Work to complete: Output each entry verbatim and exclude every picture from it.

^^^^

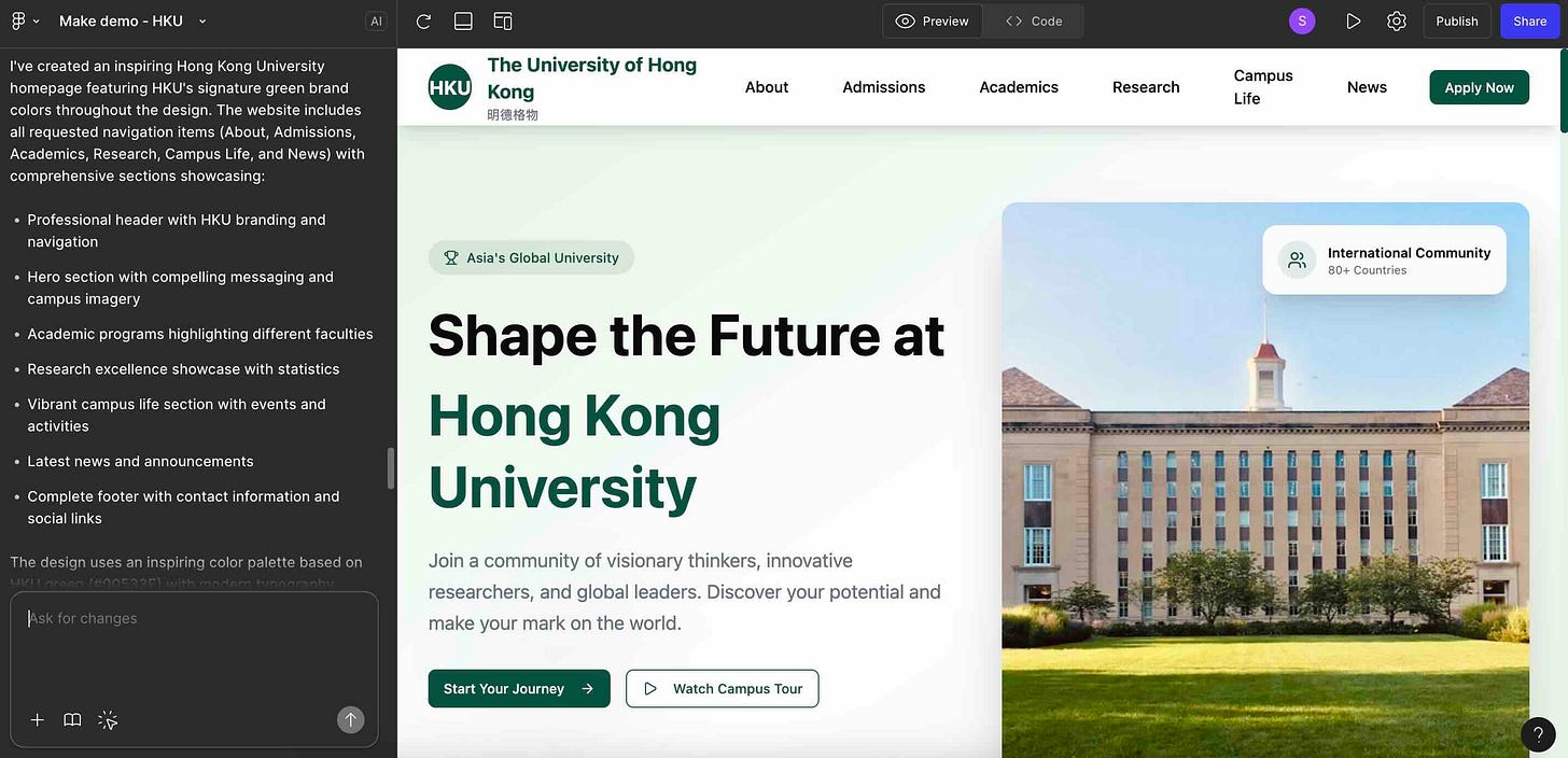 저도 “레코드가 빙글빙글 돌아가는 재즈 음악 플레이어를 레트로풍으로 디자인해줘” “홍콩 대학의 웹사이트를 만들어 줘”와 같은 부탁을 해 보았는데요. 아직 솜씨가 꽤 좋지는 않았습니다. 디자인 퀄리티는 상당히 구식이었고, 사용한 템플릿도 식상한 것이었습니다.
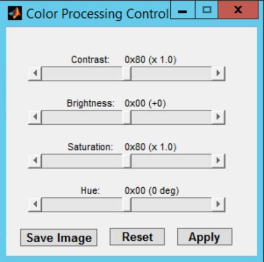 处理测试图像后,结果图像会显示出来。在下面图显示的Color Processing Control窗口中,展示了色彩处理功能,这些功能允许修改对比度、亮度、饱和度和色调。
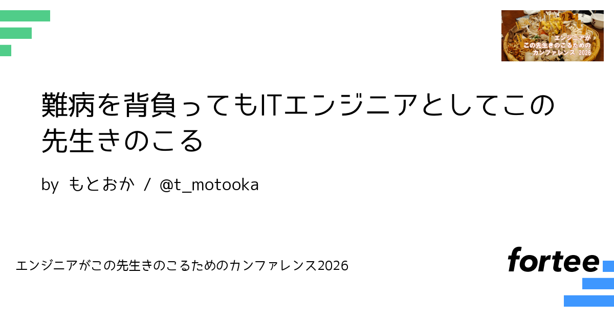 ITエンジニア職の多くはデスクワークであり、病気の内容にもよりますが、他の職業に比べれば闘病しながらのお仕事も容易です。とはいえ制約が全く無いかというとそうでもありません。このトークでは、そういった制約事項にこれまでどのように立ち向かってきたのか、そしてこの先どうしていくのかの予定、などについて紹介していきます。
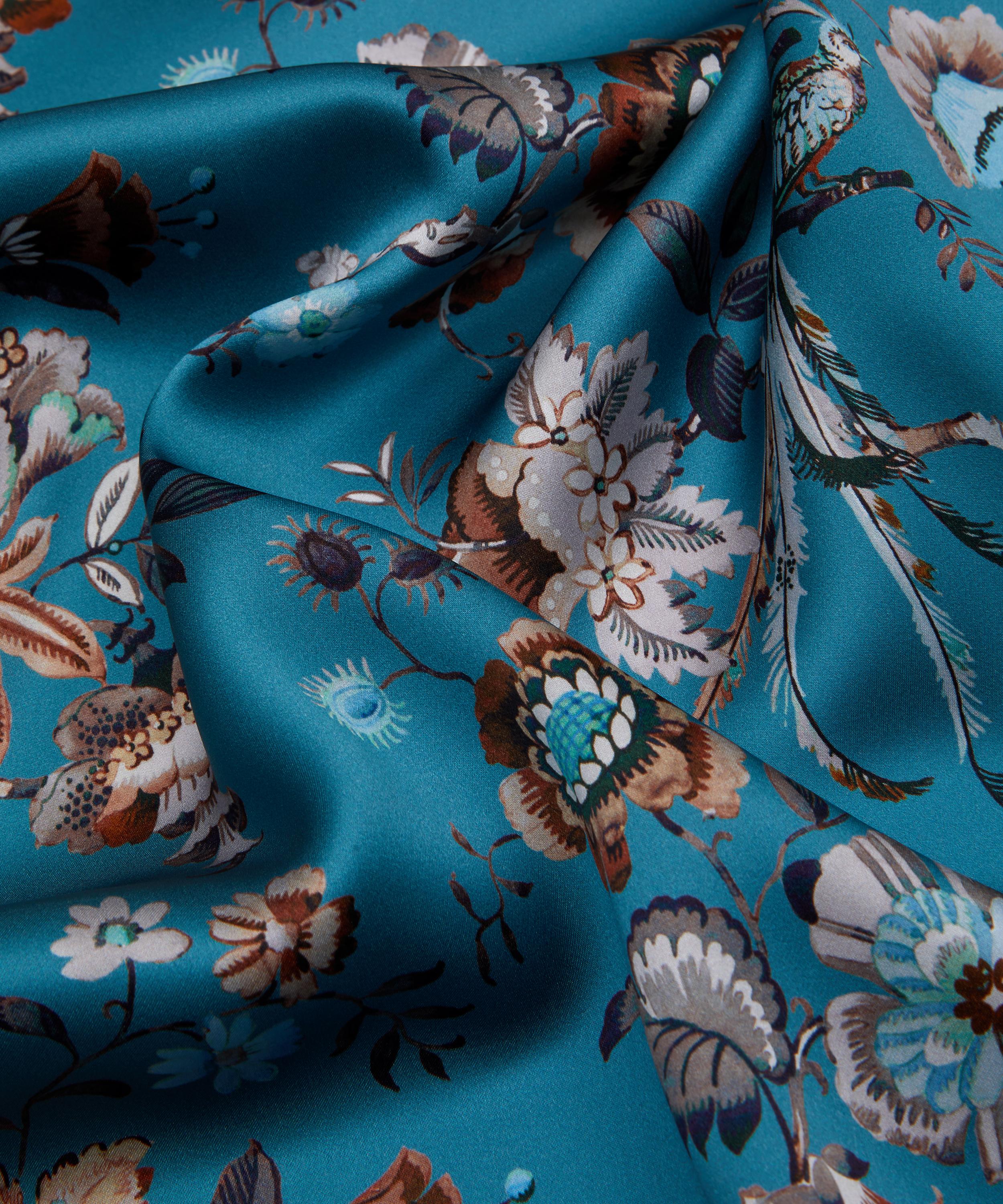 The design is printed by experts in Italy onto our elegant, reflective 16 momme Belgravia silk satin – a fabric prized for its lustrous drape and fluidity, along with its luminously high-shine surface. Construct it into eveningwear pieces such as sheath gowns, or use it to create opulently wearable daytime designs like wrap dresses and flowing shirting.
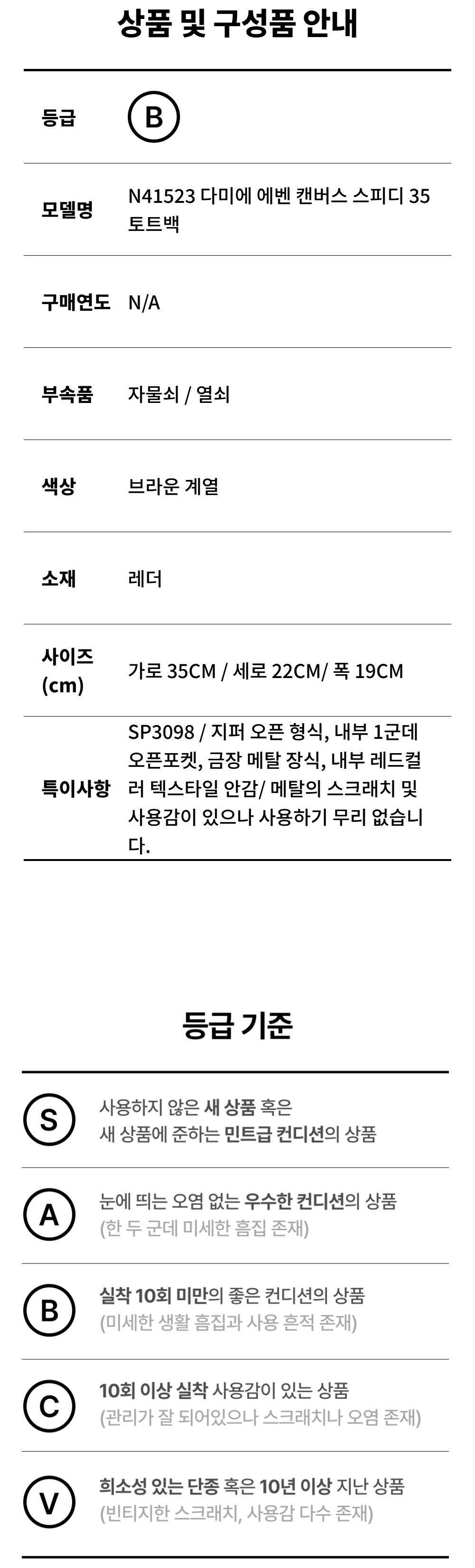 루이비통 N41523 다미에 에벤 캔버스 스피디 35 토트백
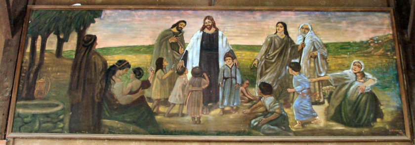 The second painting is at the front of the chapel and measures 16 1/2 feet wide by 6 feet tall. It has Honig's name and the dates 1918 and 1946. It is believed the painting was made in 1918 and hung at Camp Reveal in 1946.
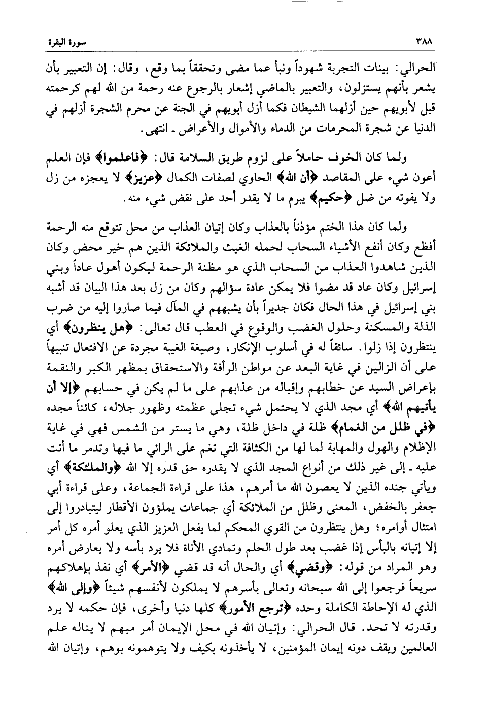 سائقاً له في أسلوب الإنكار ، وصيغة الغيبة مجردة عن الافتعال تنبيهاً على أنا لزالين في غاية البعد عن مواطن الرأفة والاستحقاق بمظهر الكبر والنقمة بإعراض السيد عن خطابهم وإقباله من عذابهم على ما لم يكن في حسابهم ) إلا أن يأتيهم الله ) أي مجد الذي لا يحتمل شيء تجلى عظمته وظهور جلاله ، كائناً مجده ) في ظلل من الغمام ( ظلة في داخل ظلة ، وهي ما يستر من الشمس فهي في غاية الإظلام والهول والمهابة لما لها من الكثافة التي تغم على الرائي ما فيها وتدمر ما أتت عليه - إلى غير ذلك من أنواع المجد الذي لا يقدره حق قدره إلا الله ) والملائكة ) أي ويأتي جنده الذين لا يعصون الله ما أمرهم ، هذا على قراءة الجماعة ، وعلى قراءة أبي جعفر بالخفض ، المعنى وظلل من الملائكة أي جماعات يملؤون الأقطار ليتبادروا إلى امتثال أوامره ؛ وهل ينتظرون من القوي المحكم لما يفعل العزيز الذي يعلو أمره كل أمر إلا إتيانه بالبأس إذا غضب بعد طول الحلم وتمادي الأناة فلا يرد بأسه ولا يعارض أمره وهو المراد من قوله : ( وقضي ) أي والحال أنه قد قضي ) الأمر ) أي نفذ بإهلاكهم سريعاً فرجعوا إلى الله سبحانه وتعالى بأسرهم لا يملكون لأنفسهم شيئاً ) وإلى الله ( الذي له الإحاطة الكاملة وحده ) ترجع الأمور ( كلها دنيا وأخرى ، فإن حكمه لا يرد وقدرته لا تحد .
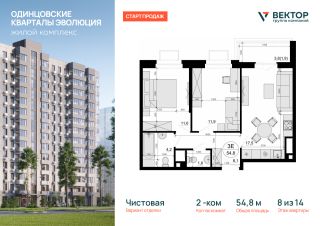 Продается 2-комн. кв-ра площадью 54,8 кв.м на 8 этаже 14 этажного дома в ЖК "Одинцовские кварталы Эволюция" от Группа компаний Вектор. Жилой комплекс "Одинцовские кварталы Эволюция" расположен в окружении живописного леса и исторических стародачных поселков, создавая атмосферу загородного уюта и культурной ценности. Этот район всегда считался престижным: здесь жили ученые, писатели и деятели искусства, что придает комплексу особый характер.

^^^^

Answer box:
 저도 “레코드가 빙글빙글 돌아가는 재즈 음악 플레이어를 레트로풍으로 디자인해줘” “홍콩 대학의 웹사이트를 만들어 줘”와 같은 부탁을 해 보았는데요. 아직 솜씨가 꽤 좋지는 않았습니다. 디자인 퀄리티는 상당히 구식이었고, 사용한 템플릿도 식상한 것이었습니다.
 处理测试图像后,结果图像会显示出来。在下面图显示的Color Processing Control窗口中,展示了色彩处理功能,这些功能允许修改对比度、亮度、饱和度和色调。
 ITエンジニア職の多くはデスクワークであり、病気の内容にもよりますが、他の職業に比べれば闘病しながらのお仕事も容易です。とはいえ制約が全く無いかというとそうでもありません。このトークでは、そういった制約事項にこれまでどのように立ち向かってきたのか、そしてこの先どうしていくのかの予定、などについて紹介していきます。
 The design is printed by experts in Italy onto our elegant, reflective 16 momme Belgravia silk satin – a fabric prized for its lustrous drape and fluidity, along with its luminously high-shine surface. Construct it into eveningwear pieces such as sheath gowns, or use it to create opulently wearable daytime designs like wrap dresses and flowing shirting.
 루이비통 N41523 다미에 에벤 캔버스 스피디 35 토트백
 The second painting is at the front of the chapel and measures 16 1/2 feet wide by 6 feet tall. It has Honig's name and the dates 1918 and 1946. It is believed the painting was made in 1918 and hung at Camp Reveal in 1946.
 سائقاً له في أسلوب الإنكار ، وصيغة الغيبة مجردة عن الافتعال تنبيهاً على أنا لزالين في غاية البعد عن مواطن الرأفة والاستحقاق بمظهر الكبر والنقمة بإعراض السيد عن خطابهم وإقباله من عذابهم على ما لم يكن في حسابهم ) إلا أن يأتيهم الله ) أي مجد الذي لا يحتمل شيء تجلى عظمته وظهور جلاله ، كائناً مجده ) في ظلل من الغمام ( ظلة في داخل ظلة ، وهي ما يستر من الشمس فهي في غاية الإظلام والهول والمهابة لما لها من الكثافة التي تغم على الرائي ما فيها وتدمر ما أتت عليه - إلى غير ذلك من أنواع المجد الذي لا يقدره حق قدره إلا الله ) والملائكة ) أي ويأتي جنده الذين لا يعصون الله ما أمرهم ، هذا على قراءة الجماعة ، وعلى قراءة أبي جعفر بالخفض ، المعنى وظلل من الملائكة أي جماعات يملؤون الأقطار ليتبادروا إلى امتثال أوامره ؛ وهل ينتظرون من القوي المحكم لما يفعل العزيز الذي يعلو أمره كل أمر إلا إتيانه بالبأس إذا غضب بعد طول الحلم وتمادي الأناة فلا يرد بأسه ولا يعارض أمره وهو المراد من قوله : ( وقضي ) أي والحال أنه قد قضي ) الأمر ) أي نفذ بإهلاكهم سريعاً فرجعوا إلى الله سبحانه وتعالى بأسرهم لا يملكون لأنفسهم شيئاً ) وإلى الله ( الذي له الإحاطة الكاملة وحده ) ترجع الأمور ( كلها دنيا وأخرى ، فإن حكمه لا يرد وقدرته لا تحد .
 Продается 2-комн. кв-ра площадью 54,8 кв.м на 8 этаже 14 этажного дома в ЖК "Одинцовские кварталы Эволюция" от Группа компаний Вектор. Жилой комплекс "Одинцовские кварталы Эволюция" расположен в окружении живописного леса и исторических стародачных поселков, создавая атмосферу загородного уюта и культурной ценности. Этот район всегда считался престижным: здесь жили ученые, писатели и деятели искусства, что придает комплексу особый характер.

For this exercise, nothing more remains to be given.